An inter-ministerial panel is likely to meet tomorrow to discuss the methodology for fixing reserve price for auction of coal blocks.

An inter-ministerial committee (IMC), comprising secretaries of ministries of finance, power, steel, law, mines, petroleum, industrial policy and promotion and coal, is to decide on the auction start price or the reserve price for allotting coal blocks whose allocation was cancelled by the Supreme Court recently, sources said.

The government had in 2012 constituted an IMC to consider and examine the formulation of methodology for fixing floor/reserve price of coal blocks to be allocated through auction.

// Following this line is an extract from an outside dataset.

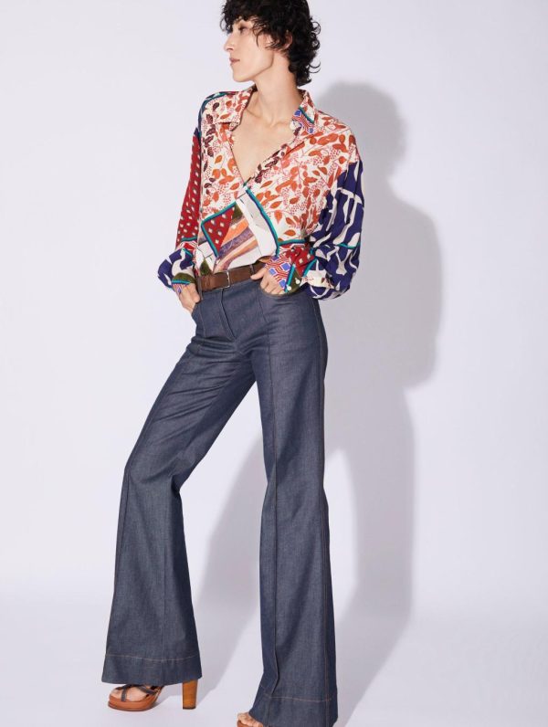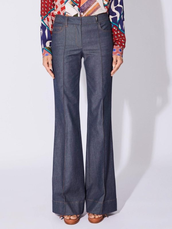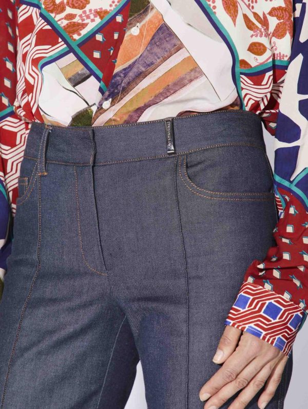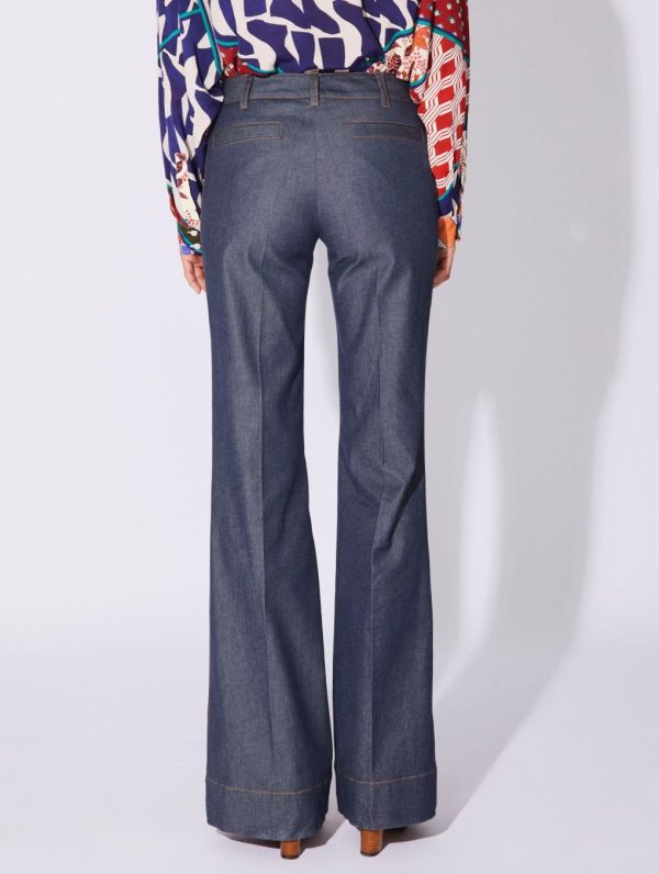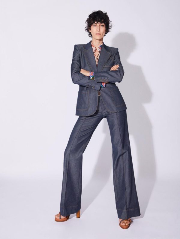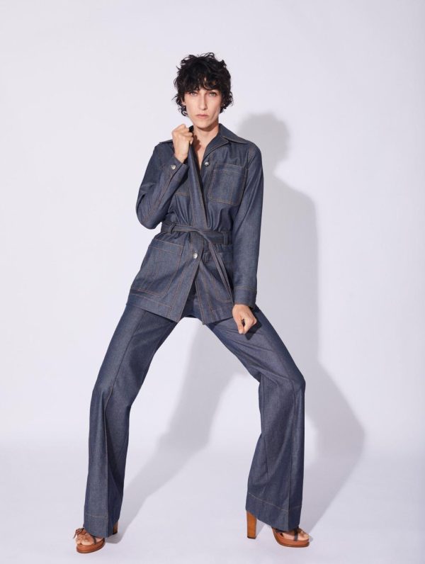 Drawing on the Seventies for her inspiration our designer created these flared trousers to give a sharp feminine outline. The washed denim fabric, available in blue, cream or linden green, will match all your fashion choices this season, whether you wear these women’s trousers with a printed shirt, a fine-knit sweater or our gold lamé camisole for an evening occasion. Sewn pleats, welt pockets and belt loops, including a branded jewel loop in silver metal, prove that even our most casual pieces merit the same close attention to the cut and the finishing details.Model measures 178cm tall, with 89cm hips, 64cm waist and 86cm bust / Model measures 5’10” tall, with 35″ in. hips, 25″ in. waist and 34″ in. bust.

Based on recommendations of consultant Crisil, it proposed allotting coal blocks only to government companies or to power plants with tariff-based bidding, to ensure that the benefit of cheaper domestic coal is passed on to consumers.

However, after the Supreme Court on September 24 cancelled allocation of 204 coal blocks, it was felt that there would be many existing power plants, which were linked to these mines, or power plants, which have no tie-up for coal and would either have cost-plus power purchase agreements (where tariff is fixed by power regulator) or would have contracted agreements to sell electricity on the basis of bid tariff.

Sources said it was felt that the methodology decided by the IMC previously needs to be reopened and a new one adopted.

The Supreme Court had on September 24 cancelled allocation of 204 coal blocks to various companies between 1993 and 2009. Out of these, 37 are running coal mines and another five are ready to produce by April.

Sources said the government wants to clear all roadblocks and meet conditions precedent for the new owner of the mines, which will be decided through an e-auction, to takeover operations of the 42 mines from April next year.

The 37 running mines produced about 38.14 million tonnes of coal in 2013-14, while the five others are likely to chip in with another 5.85 million tons.

Keen to avoid any supply disruption, the government on October 21 promulgated an ordinance to revert half of these 42 mines to the government entities that were the original allottees. The remaining 21 will be put on auction in the first phase of bidding that will be open for end users in power, cement and steel sectors.

If the winner of these 21 mines is different than the one already operating, the existing owner will be paid compensation and operations handed over to the winner, they said.